A precise copy of the data is required, with every picture left out.

■ DATA SECTION
Segment Open
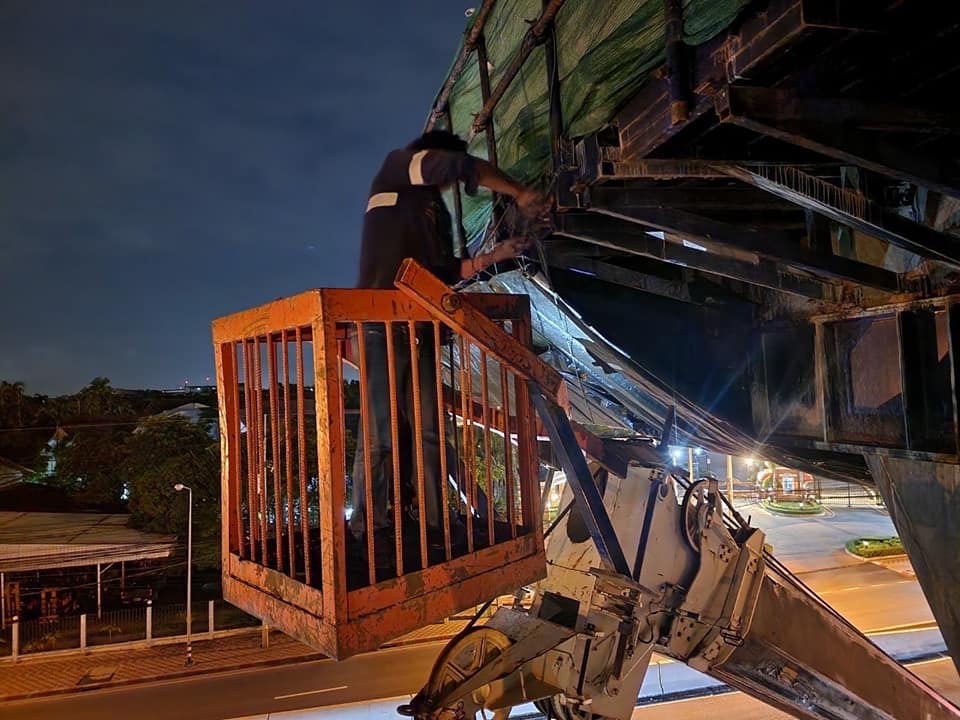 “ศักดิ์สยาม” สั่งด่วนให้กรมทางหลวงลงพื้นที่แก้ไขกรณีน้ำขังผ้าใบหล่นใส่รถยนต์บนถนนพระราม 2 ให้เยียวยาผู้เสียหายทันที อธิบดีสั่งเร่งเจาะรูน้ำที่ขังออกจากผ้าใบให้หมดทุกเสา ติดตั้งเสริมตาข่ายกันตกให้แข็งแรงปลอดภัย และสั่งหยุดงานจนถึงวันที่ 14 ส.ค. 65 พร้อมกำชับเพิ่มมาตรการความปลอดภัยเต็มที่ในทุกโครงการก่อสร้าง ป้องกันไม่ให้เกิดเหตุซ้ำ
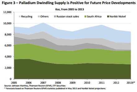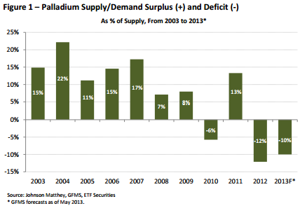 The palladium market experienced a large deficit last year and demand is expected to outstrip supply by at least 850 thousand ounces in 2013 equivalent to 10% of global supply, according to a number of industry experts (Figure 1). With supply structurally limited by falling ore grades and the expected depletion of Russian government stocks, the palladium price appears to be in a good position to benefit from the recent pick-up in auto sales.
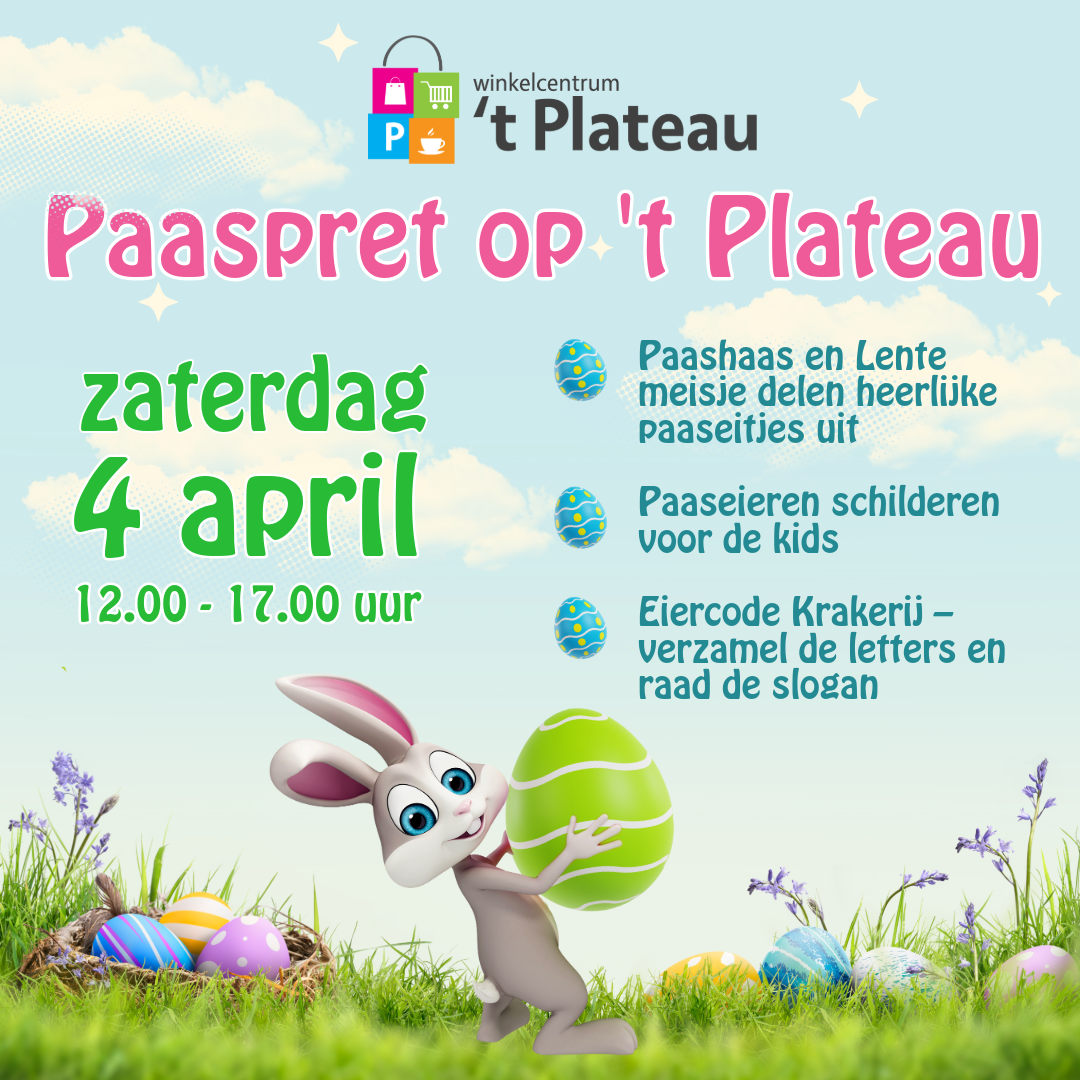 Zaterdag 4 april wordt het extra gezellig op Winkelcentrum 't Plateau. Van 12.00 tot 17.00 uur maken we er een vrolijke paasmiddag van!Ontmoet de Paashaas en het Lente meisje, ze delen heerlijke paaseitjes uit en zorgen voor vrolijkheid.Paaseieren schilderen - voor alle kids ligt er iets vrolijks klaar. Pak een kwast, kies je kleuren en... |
Segment Closed
■ RESPONSE BOX
 “ศักดิ์สยาม” สั่งด่วนให้กรมทางหลวงลงพื้นที่แก้ไขกรณีน้ำขังผ้าใบหล่นใส่รถยนต์บนถนนพระราม 2 ให้เยียวยาผู้เสียหายทันที อธิบดีสั่งเร่งเจาะรูน้ำที่ขังออกจากผ้าใบให้หมดทุกเสา ติดตั้งเสริมตาข่ายกันตกให้แข็งแรงปลอดภัย และสั่งหยุดงานจนถึงวันที่ 14 ส.ค. 65 พร้อมกำชับเพิ่มมาตรการความปลอดภัยเต็มที่ในทุกโครงการก่อสร้าง ป้องกันไม่ให้เกิดเหตุซ้ำ
 The palladium market experienced a large deficit last year and demand is expected to outstrip supply by at least 850 thousand ounces in 2013 equivalent to 10% of global supply, according to a number of industry experts (Figure 1). With supply structurally limited by falling ore grades and the expected depletion of Russian government stocks, the palladium price appears to be in a good position to benefit from the recent pick-up in auto sales.
 Zaterdag 4 april wordt het extra gezellig op Winkelcentrum 't Plateau. Van 12.00 tot 17.00 uur maken we er een vrolijke paasmiddag van!Ontmoet de Paashaas en het Lente meisje, ze delen heerlijke paaseitjes uit en zorgen voor vrolijkheid.Paaseieren schilderen - voor alle kids ligt er iets vrolijks klaar. Pak een kwast, kies je kleuren en... |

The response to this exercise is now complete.